• _WORK ITEM_
An exact transcription of each entry below is required, without any pictures.

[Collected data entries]
#####
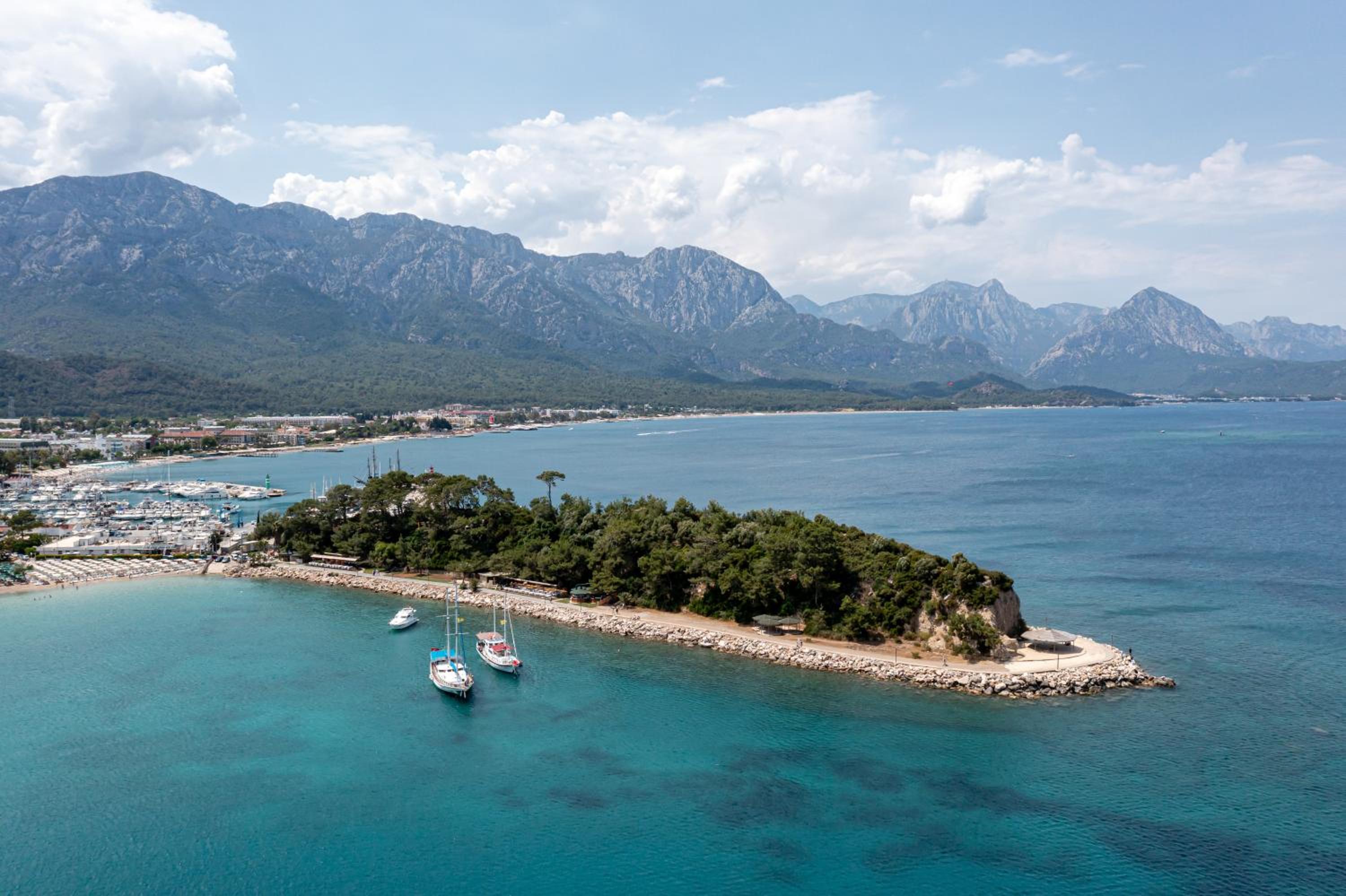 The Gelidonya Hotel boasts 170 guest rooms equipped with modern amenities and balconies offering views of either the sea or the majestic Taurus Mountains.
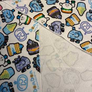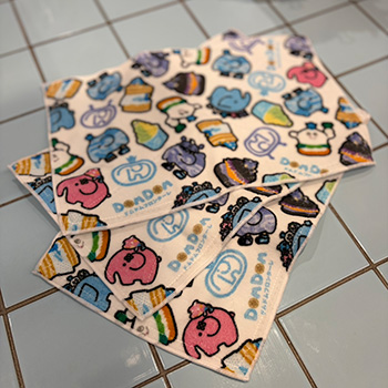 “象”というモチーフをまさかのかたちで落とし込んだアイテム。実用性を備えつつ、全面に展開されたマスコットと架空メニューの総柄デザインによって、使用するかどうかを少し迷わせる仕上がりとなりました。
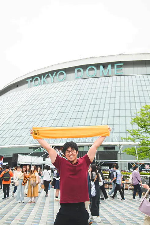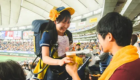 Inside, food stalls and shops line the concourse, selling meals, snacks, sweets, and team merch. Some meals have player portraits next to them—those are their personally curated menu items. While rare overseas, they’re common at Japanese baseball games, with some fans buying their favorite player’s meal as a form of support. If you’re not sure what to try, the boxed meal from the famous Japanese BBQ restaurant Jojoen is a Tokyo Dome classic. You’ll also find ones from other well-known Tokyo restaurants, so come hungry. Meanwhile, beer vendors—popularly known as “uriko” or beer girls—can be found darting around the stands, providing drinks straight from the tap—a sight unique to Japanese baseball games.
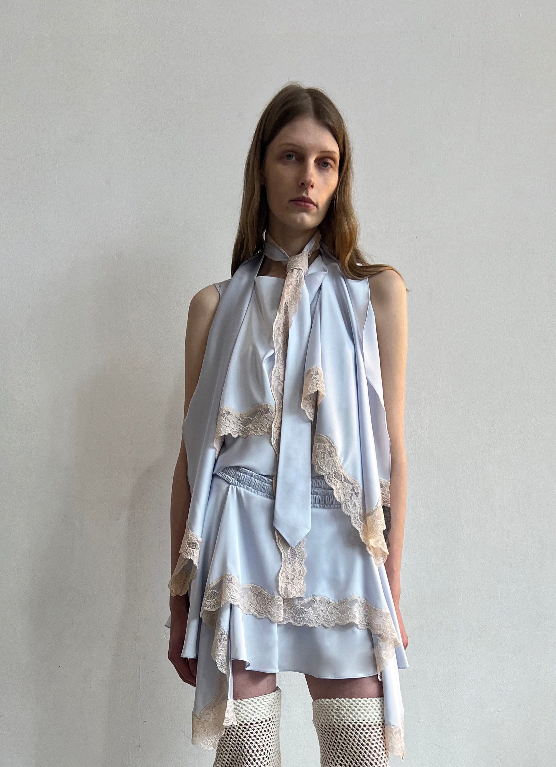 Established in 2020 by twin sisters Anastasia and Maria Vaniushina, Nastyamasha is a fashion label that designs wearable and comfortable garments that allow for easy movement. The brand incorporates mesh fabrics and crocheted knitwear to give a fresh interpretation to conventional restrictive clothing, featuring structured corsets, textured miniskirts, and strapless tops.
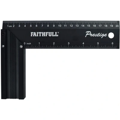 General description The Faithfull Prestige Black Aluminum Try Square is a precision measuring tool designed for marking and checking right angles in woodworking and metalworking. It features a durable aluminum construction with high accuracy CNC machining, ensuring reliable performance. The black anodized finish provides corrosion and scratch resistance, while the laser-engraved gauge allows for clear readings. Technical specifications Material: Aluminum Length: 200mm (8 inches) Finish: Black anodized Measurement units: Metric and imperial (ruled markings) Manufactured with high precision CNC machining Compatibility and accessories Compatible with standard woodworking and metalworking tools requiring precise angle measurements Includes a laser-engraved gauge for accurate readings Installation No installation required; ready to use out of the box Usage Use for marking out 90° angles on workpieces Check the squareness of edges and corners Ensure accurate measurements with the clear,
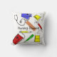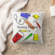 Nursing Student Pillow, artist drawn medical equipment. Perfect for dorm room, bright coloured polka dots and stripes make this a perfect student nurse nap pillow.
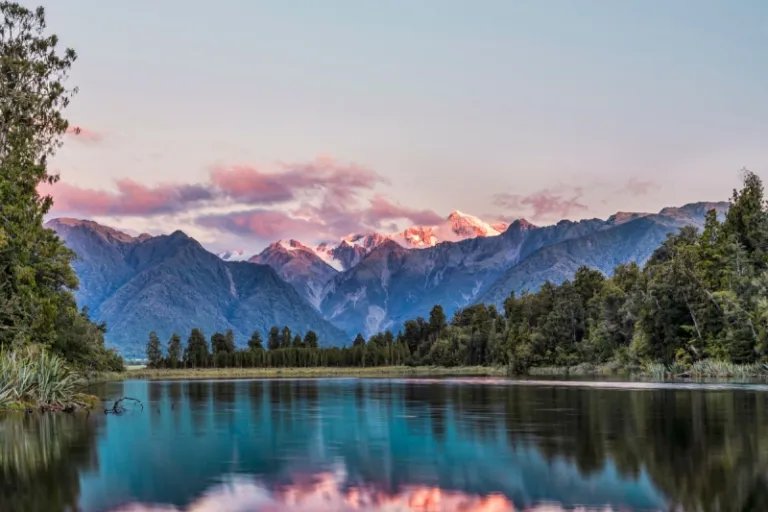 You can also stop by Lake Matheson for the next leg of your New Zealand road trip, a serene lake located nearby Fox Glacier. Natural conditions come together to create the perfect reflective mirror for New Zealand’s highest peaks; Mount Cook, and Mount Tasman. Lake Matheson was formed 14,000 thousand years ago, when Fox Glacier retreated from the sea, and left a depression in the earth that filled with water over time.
#####
• _EXERCISE ANSWER_
 The Gelidonya Hotel boasts 170 guest rooms equipped with modern amenities and balconies offering views of either the sea or the majestic Taurus Mountains.
 “象”というモチーフをまさかのかたちで落とし込んだアイテム。実用性を備えつつ、全面に展開されたマスコットと架空メニューの総柄デザインによって、使用するかどうかを少し迷わせる仕上がりとなりました。
 Inside, food stalls and shops line the concourse, selling meals, snacks, sweets, and team merch. Some meals have player portraits next to them—those are their personally curated menu items. While rare overseas, they’re common at Japanese baseball games, with some fans buying their favorite player’s meal as a form of support. If you’re not sure what to try, the boxed meal from the famous Japanese BBQ restaurant Jojoen is a Tokyo Dome classic. You’ll also find ones from other well-known Tokyo restaurants, so come hungry. Meanwhile, beer vendors—popularly known as “uriko” or beer girls—can be found darting around the stands, providing drinks straight from the tap—a sight unique to Japanese baseball games.
 Established in 2020 by twin sisters Anastasia and Maria Vaniushina, Nastyamasha is a fashion label that designs wearable and comfortable garments that allow for easy movement. The brand incorporates mesh fabrics and crocheted knitwear to give a fresh interpretation to conventional restrictive clothing, featuring structured corsets, textured miniskirts, and strapless tops.
 General description The Faithfull Prestige Black Aluminum Try Square is a precision measuring tool designed for marking and checking right angles in woodworking and metalworking. It features a durable aluminum construction with high accuracy CNC machining, ensuring reliable performance. The black anodized finish provides corrosion and scratch resistance, while the laser-engraved gauge allows for clear readings. Technical specifications Material: Aluminum Length: 200mm (8 inches) Finish: Black anodized Measurement units: Metric and imperial (ruled markings) Manufactured with high precision CNC machining Compatibility and accessories Compatible with standard woodworking and metalworking tools requiring precise angle measurements Includes a laser-engraved gauge for accurate readings Installation No installation required; ready to use out of the box Usage Use for marking out 90° angles on workpieces Check the squareness of edges and corners Ensure accurate measurements with the clear,
 Nursing Student Pillow, artist drawn medical equipment. Perfect for dorm room, bright coloured polka dots and stripes make this a perfect student nurse nap pillow.
 You can also stop by Lake Matheson for the next leg of your New Zealand road trip, a serene lake located nearby Fox Glacier. Natural conditions come together to create the perfect reflective mirror for New Zealand’s highest peaks; Mount Cook, and Mount Tasman. Lake Matheson was formed 14,000 thousand years ago, when Fox Glacier retreated from the sea, and left a depression in the earth that filled with water over time.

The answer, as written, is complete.